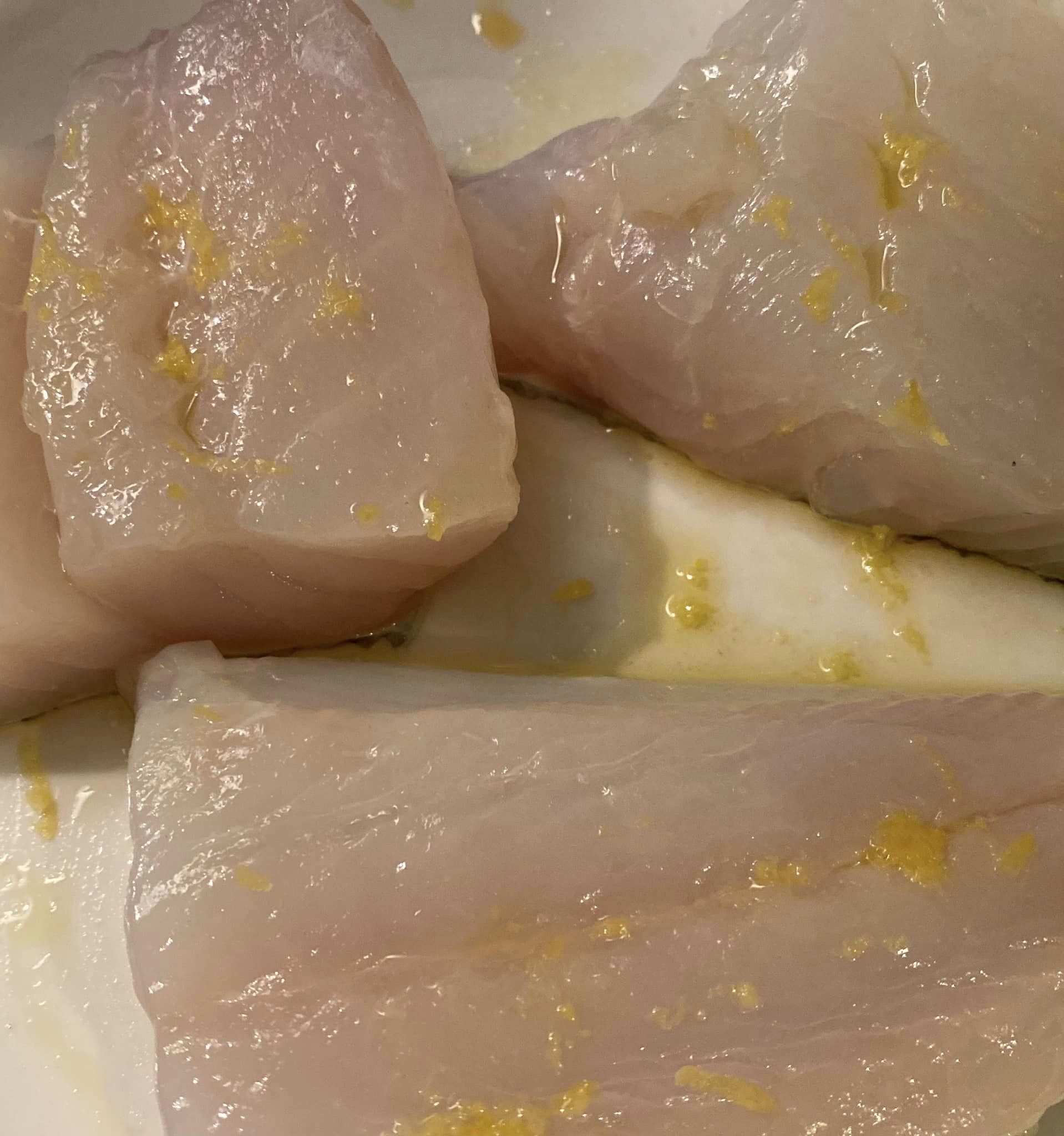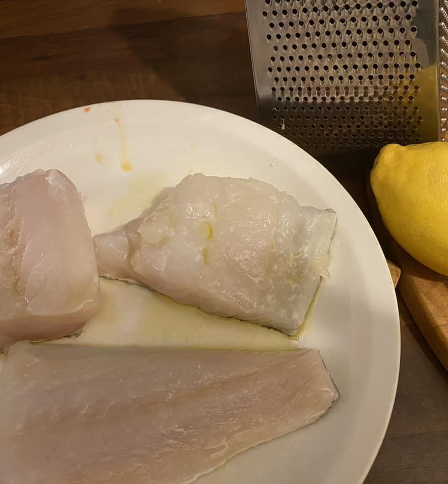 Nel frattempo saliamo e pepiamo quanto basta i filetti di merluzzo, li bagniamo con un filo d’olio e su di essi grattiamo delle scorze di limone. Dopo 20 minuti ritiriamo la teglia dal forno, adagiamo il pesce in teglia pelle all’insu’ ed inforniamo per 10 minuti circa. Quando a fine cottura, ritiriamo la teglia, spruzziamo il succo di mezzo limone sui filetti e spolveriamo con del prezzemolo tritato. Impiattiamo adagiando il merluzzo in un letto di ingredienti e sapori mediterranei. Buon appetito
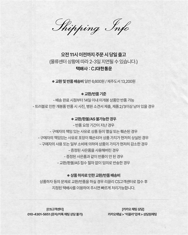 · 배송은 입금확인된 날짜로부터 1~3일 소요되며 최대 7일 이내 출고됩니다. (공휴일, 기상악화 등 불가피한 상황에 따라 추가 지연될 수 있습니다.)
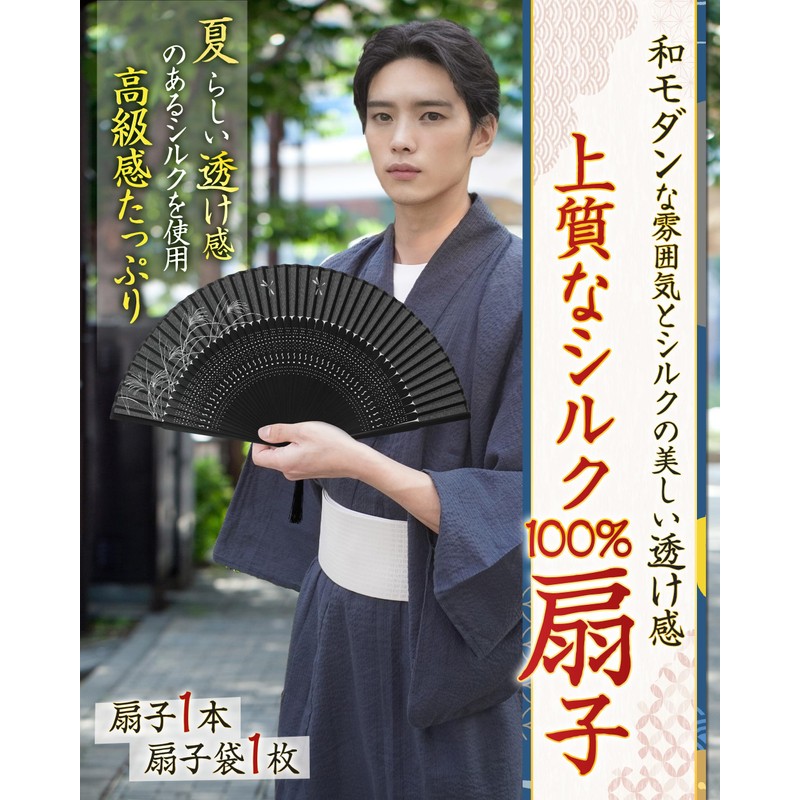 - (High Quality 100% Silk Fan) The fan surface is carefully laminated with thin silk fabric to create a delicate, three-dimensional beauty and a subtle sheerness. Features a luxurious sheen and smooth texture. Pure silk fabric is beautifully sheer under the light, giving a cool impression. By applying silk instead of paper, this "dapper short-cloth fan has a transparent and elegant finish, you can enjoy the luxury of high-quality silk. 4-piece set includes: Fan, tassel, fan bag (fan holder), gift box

* * *

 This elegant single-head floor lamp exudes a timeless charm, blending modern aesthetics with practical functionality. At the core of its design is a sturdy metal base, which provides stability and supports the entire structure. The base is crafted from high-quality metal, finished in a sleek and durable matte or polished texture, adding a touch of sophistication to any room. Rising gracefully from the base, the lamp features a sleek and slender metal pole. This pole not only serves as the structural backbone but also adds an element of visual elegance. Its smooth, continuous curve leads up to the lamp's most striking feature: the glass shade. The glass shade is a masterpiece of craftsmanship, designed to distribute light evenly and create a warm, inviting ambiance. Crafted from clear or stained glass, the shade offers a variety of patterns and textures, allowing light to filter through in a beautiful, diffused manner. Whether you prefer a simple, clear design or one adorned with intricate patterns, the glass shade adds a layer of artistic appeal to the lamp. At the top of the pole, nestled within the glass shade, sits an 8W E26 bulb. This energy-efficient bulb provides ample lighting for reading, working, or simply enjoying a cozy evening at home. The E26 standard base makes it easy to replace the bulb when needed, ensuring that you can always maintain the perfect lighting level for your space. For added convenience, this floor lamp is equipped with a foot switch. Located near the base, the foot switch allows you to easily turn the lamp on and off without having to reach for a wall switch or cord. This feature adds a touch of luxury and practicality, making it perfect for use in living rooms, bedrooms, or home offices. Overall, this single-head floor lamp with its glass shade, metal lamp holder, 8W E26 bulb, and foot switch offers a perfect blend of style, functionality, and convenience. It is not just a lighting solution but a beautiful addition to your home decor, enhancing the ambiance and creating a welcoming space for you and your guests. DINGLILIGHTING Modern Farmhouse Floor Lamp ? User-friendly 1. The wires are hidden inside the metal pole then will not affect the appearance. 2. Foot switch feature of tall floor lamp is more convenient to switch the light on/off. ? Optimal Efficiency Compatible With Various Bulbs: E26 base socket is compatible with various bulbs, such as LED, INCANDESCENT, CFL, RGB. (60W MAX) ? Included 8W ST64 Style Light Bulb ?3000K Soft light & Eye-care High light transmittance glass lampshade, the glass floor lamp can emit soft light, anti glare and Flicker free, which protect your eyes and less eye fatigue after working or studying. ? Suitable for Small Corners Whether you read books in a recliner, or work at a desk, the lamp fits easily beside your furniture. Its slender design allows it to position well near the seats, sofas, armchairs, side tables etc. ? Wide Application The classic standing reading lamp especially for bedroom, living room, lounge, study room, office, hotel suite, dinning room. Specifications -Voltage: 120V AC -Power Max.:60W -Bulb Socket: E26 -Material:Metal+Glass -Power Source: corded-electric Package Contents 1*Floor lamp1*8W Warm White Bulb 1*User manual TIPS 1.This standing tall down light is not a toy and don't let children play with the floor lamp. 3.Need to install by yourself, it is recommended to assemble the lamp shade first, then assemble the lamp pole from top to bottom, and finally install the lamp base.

» **What the task requires**: Every line above between the one containing "Nel frattempo saliamo" and the one containing "지연될 수 있습니다.)", those two included, is to be printed exactly. No pictures go into the copy.

» **Exercise response**:
 Nel frattempo saliamo e pepiamo quanto basta i filetti di merluzzo, li bagniamo con un filo d’olio e su di essi grattiamo delle scorze di limone. Dopo 20 minuti ritiriamo la teglia dal forno, adagiamo il pesce in teglia pelle all’insu’ ed inforniamo per 10 minuti circa. Quando a fine cottura, ritiriamo la teglia, spruzziamo il succo di mezzo limone sui filetti e spolveriamo con del prezzemolo tritato. Impiattiamo adagiando il merluzzo in un letto di ingredienti e sapori mediterranei. Buon appetito
 · 배송은 입금확인된 날짜로부터 1~3일 소요되며 최대 7일 이내 출고됩니다. (공휴일, 기상악화 등 불가피한 상황에 따라 추가 지연될 수 있습니다.)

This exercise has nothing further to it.